Susan Danoff has produced a small, sparkling gem of a book that addresses not so much the "how to" as the why of storytelling in the school curriculum. She explores how storytelling operates as an integral part of the learning process, arguing that "storytelling is a method of teaching, a way to gain trust, to communicate effectively, to inspire imaginative thinking, and to provide a foundation for the thinking that is basic to literacy" (xv). Building trust and communication skills are essential to establishing a learning environment; imaginative thinking enables "resourcefulness in dealing with new or unusual experiences" (89), a significant part of the learning process; and the skills involved in story listening, visualization, reflecting, and retelling are core elements of literacy development. Danoff describes her early realization, when she tutored as a teenager, that one of her students, a self-acknowledged slow learner, had never realized "that letters were symbols and that words signified meaning" (18). She discovered that he thought reading was "magic" that some people could do and others couldn't. It took her many more years to learn the effectiveness of storytelling as a classroom tool to break the secret code and help students recognize the magic of reading for themselves—and to understand why storytelling contributes so much to the learning process. Educators are fortunate that in this book she passes on what she has learned.

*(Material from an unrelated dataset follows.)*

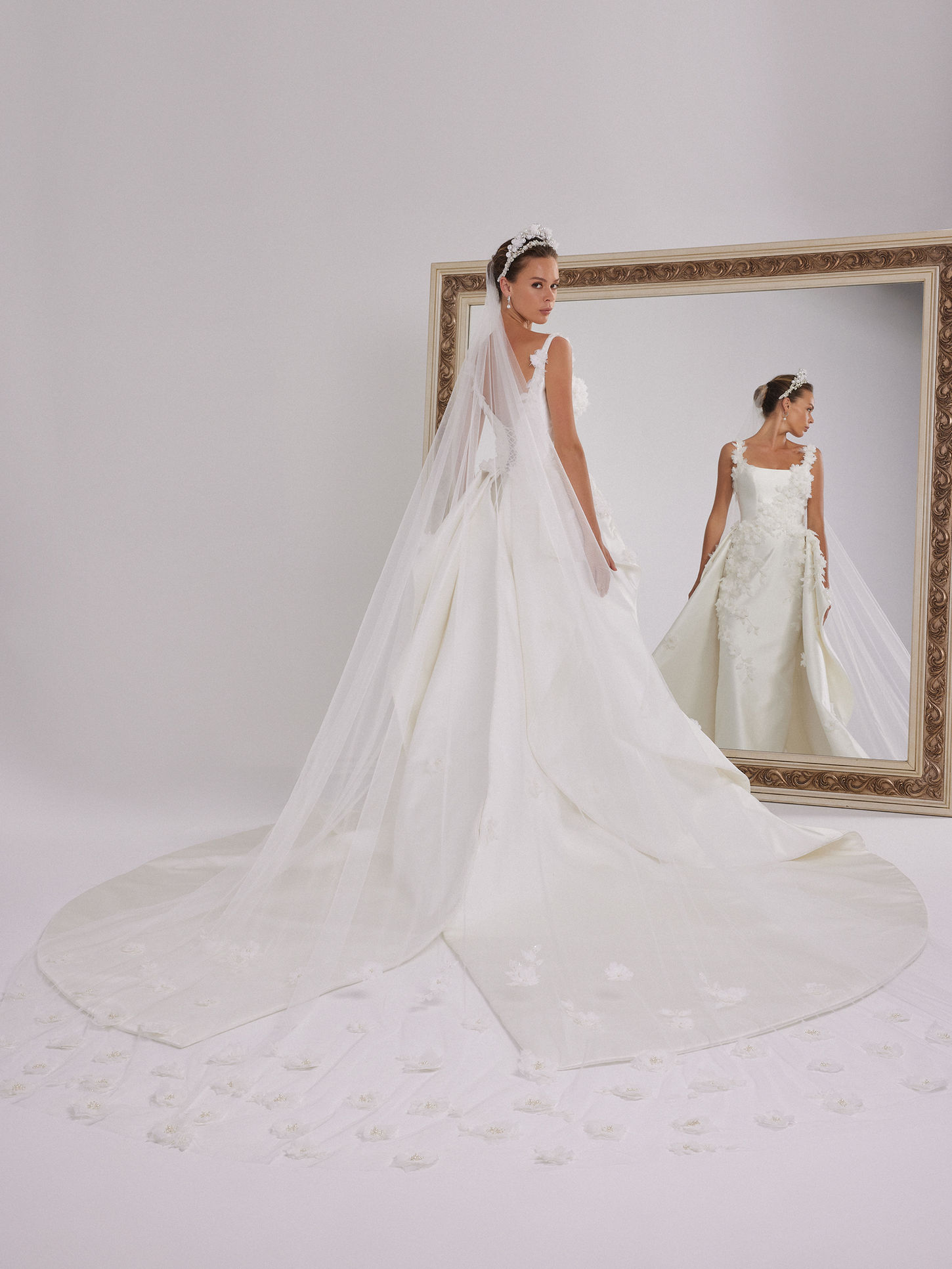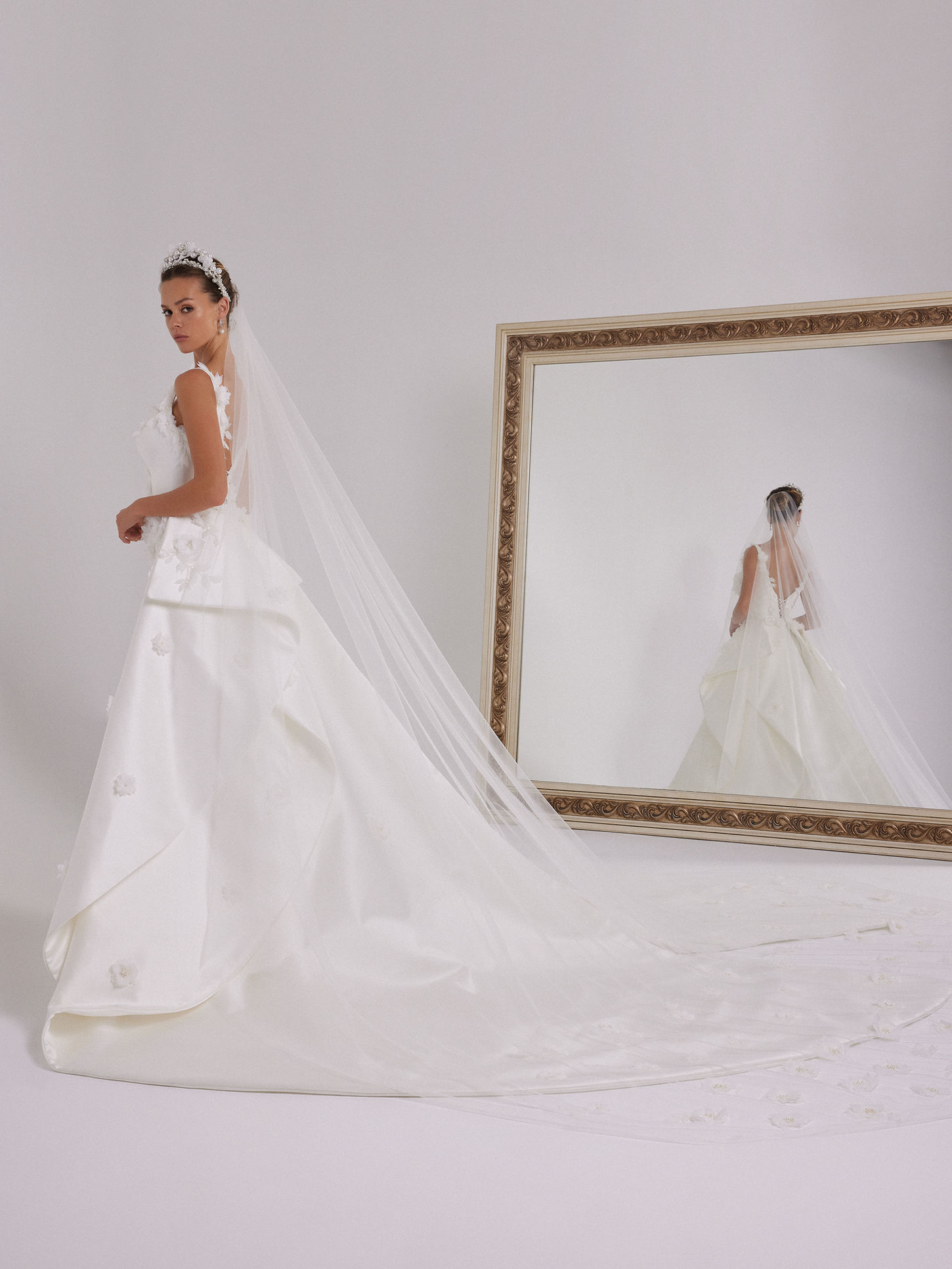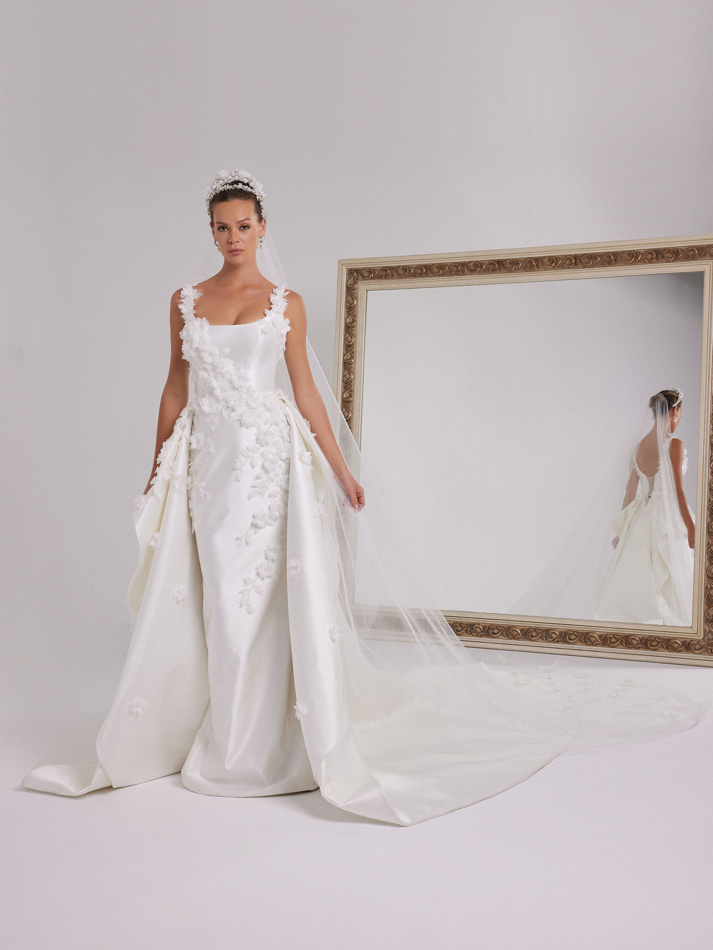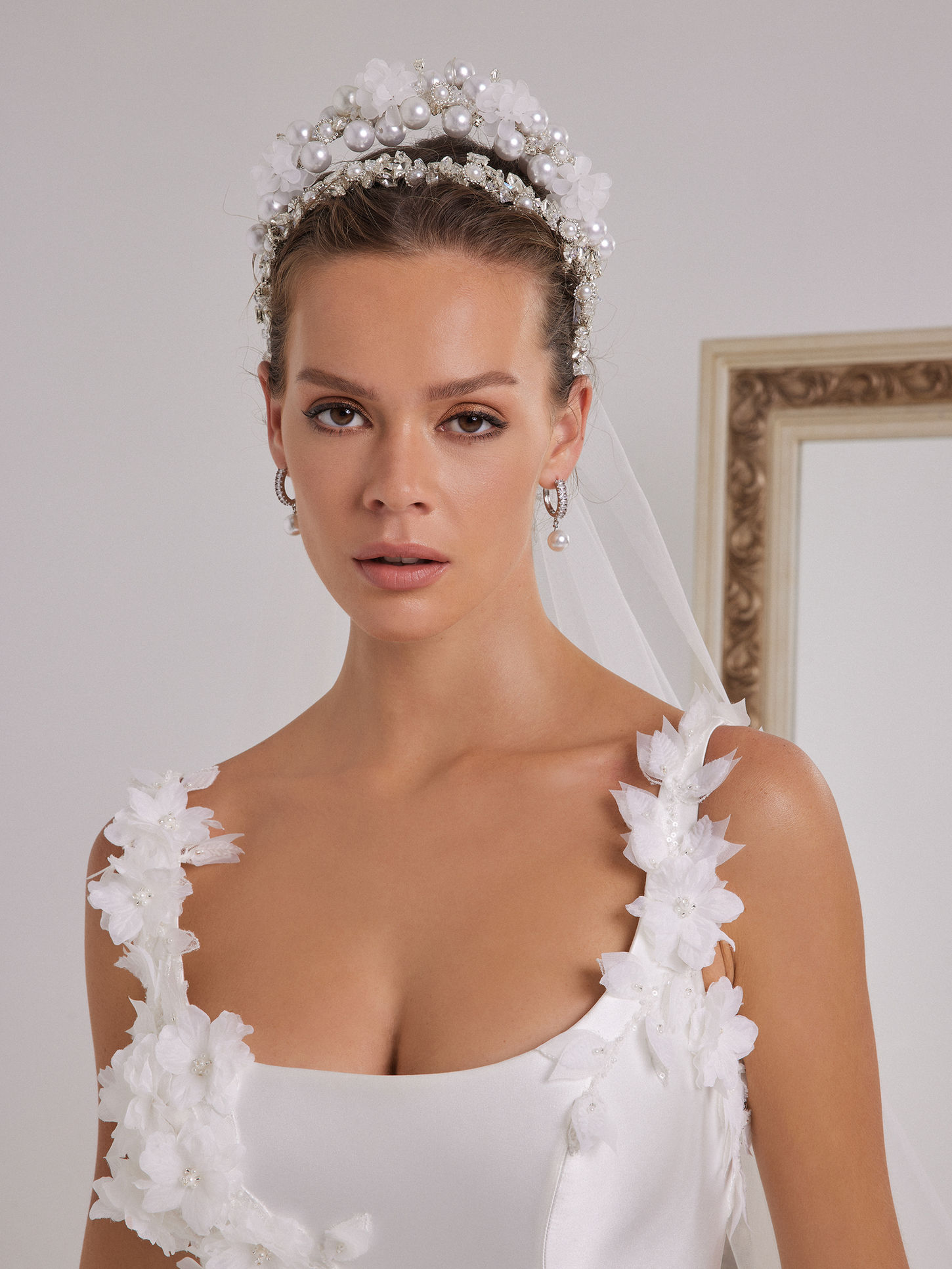 Make a breathtaking entrance on your wedding day with our luxurious off-white satin mermaid wedding dress. The gown is designed with flowing flowers that cascade from the shoulders to the skirt, adding a romantic and enchanting touch. The straight mermaid silhouette beautifully emphasizes your figure, while the voluminous skirt with a long train offers an unforgettable bridal look. The asymmetrical design and flowers adorning the bodice make this dress truly unique, allowing you to be a romantic and unforgettable bride. Shop now and create unforgettable memories in this stunning mermaid wedding dress.

Danoff's use of stories, both traditional and original, to establish the framework of her book suggests vividly how she incorporates her telling into teaching. The book is divided into six parts, each set off with an appropriately chosen story. She opens with an original story, "The Forgotten Gifts," which pays tribute to the creative arts of dance, song, and storytelling, more valuable by far than material goods; this is followed by an assertion that "every teacher can be a storyteller" (39). She explains processes involved in storytelling, either informal anecdotes or polished performance, and why folktales, in particular, are important tools for teaching narrative. The anecdotes she shares from her classroom experience support her argument that storytelling works.

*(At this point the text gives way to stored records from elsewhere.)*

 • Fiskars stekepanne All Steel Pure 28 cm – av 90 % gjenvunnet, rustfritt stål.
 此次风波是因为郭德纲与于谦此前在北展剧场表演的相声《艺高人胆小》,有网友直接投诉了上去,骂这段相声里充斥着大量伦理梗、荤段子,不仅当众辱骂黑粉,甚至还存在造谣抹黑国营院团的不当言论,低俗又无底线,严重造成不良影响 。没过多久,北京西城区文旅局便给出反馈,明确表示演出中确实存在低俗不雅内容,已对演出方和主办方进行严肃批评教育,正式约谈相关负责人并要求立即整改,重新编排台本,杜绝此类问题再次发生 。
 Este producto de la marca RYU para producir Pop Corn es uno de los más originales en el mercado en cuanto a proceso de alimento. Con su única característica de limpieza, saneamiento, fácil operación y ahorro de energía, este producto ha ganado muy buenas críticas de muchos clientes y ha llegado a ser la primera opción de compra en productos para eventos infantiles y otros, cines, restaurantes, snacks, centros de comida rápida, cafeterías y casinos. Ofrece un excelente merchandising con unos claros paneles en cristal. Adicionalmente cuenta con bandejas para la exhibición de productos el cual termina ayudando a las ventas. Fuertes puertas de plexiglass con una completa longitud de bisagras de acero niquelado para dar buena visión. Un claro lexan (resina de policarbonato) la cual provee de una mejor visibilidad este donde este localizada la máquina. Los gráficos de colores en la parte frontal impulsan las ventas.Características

A section on "Storytelling and Classroom Culture" follows, beginning with a vivid retelling of "The Tiger's Whisker," a Korean folktale of a woman who needs patience and understanding to gain the trust of a tiger in order to communicate with her troubled husband. Danoff then explains how storytelling can be used to build a sense of community, setting the stage for learning to take place. Oral storytelling can be especially effective in drawing in students with differing learning styles, who may have trouble learning through more conventional teaching methods.

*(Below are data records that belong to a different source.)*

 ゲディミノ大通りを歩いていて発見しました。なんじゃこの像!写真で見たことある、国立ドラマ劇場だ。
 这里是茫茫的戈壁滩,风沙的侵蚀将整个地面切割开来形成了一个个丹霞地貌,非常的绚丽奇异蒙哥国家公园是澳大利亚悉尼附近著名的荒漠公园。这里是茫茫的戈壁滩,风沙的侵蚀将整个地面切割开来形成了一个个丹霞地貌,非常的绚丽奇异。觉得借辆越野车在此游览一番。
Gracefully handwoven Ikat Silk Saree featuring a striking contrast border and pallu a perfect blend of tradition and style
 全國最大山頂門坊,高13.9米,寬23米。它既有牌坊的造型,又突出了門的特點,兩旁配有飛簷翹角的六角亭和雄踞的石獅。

Part 3 is an ardent tribute to the powers of the imagination, the way storytelling enables imaginative play among listeners, and the connection between [End Page 409] imaginative play and effective learning. She draws parallels between children's use of the imagination and the Scottish folktale "The Lost Child," in which a mother wins her child back after it is stolen by the Sidh, who love beauty but lack the power to create. Creative use of imagination is an important human skill, taught through stories.

Part 4, "Storytelling and Literacy," is a core section, explaining how storytelling serves as a bridge to reading and writing, a way to help learners to decode the symbols that create literacy. The process of decoding letters as symbols can in itself be so onerous that meaning may be lost to new readers. Storytelling unlocks the link between oral and written language, helping readers to hear voice upon the written page. Hearing stories also frees students' voices in their own writing and helps to develop a sense of narrative structure. Danoff deftly draws parallels between the Chinese tale "The Magic Brocade" and actual student performance in classrooms as their reading and writing skills are enhanced through story.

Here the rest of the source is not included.